O roteiro de Aaron Sorkin para Apresentando os Ricardos não é 100% fiel à cronologia dos fatos, mas tudo isso aconteceu na conturbada vida do casal Lucille Ball e Desi Arnaz. E como um bom construtor de narrativas, Sorkin coloca cada tijolo de tensão em diálogos milimetricamente medidos para deixar o espectador sufocado como um comunista em um interrogatório perante o Comitê de Atividades Antiamericanas.

Lucy não era de fato comunista, infelizmente. Mas era uma mulher atrevida e que detinha o controle da mise en scène, a mente criativa por trás de I Love Lucy. E o filme acompanha os dias que antecedem a gravação de um dos episódios do programa aproximando o espectador da Lucy gente como a gente: insegura e intransigente, apaixonada e controladora. 

Muito do que ela enfrentou nos anos de produção de I Love Lucy, entre 1951 e 1957, está pincelado no roteiro com a delicadeza e a paixão de um fã dessa instituição americana que é a série: os embates com redatores, a difícil relação com Vivian Vance e o machismo de membros da produção, que provavelmente levou a atriz a impor a postura autoritária que demonstrava no set. O conservadorismo da televisão americana, em particular, é abordado de modo muito perspicaz: os estereótipos relacionados ao corpo feminino, por exemplo, são emblema de um mecanismo opressor até hoje dominante. 

A história de Lucille Ball no cinema B hollywoodiano e suas aspirações pessoais poderiam ser até mais exploradas porque formam um prato cheio no desenho da personagem. E compõem as cenas mais marcantes do filme, como a da mesa repleta de executivos engravatados com os quais Lucy negocia, implacável, os termos de produção do novo programa. 

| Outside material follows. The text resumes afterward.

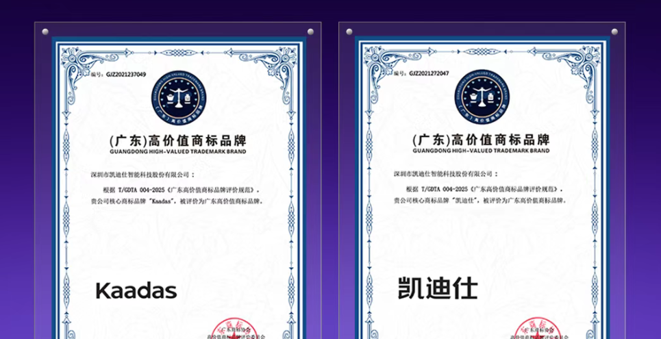近日,Kaadas凯迪仕集团旗下核心商标品牌“Kaadas”与“凯迪仕”双双获评“(广东)高价值商标品牌”。该项荣誉不仅体现了业界对凯迪仕在智能锁领域品牌价值的高度认可,也再次肯定了品牌在行业中的领先地位。

O filme tem atuações memoráveis de Nicole Kidman e Javier Bardem, que formam um casal interracial que, pasmem, é outro mote para que Sorkin critique o conservadorismo televisivo. Ambos os atores, ao lado de J.K. Simmons, concorrem a prêmios em categorias de atuação no Oscar 2022. E é uma lástima que as indicações parem por aí. Muito mais que papeis bem desempenhados, o conjunto da produção expõe um show business norte americano que surpreendentemente pouco mudou.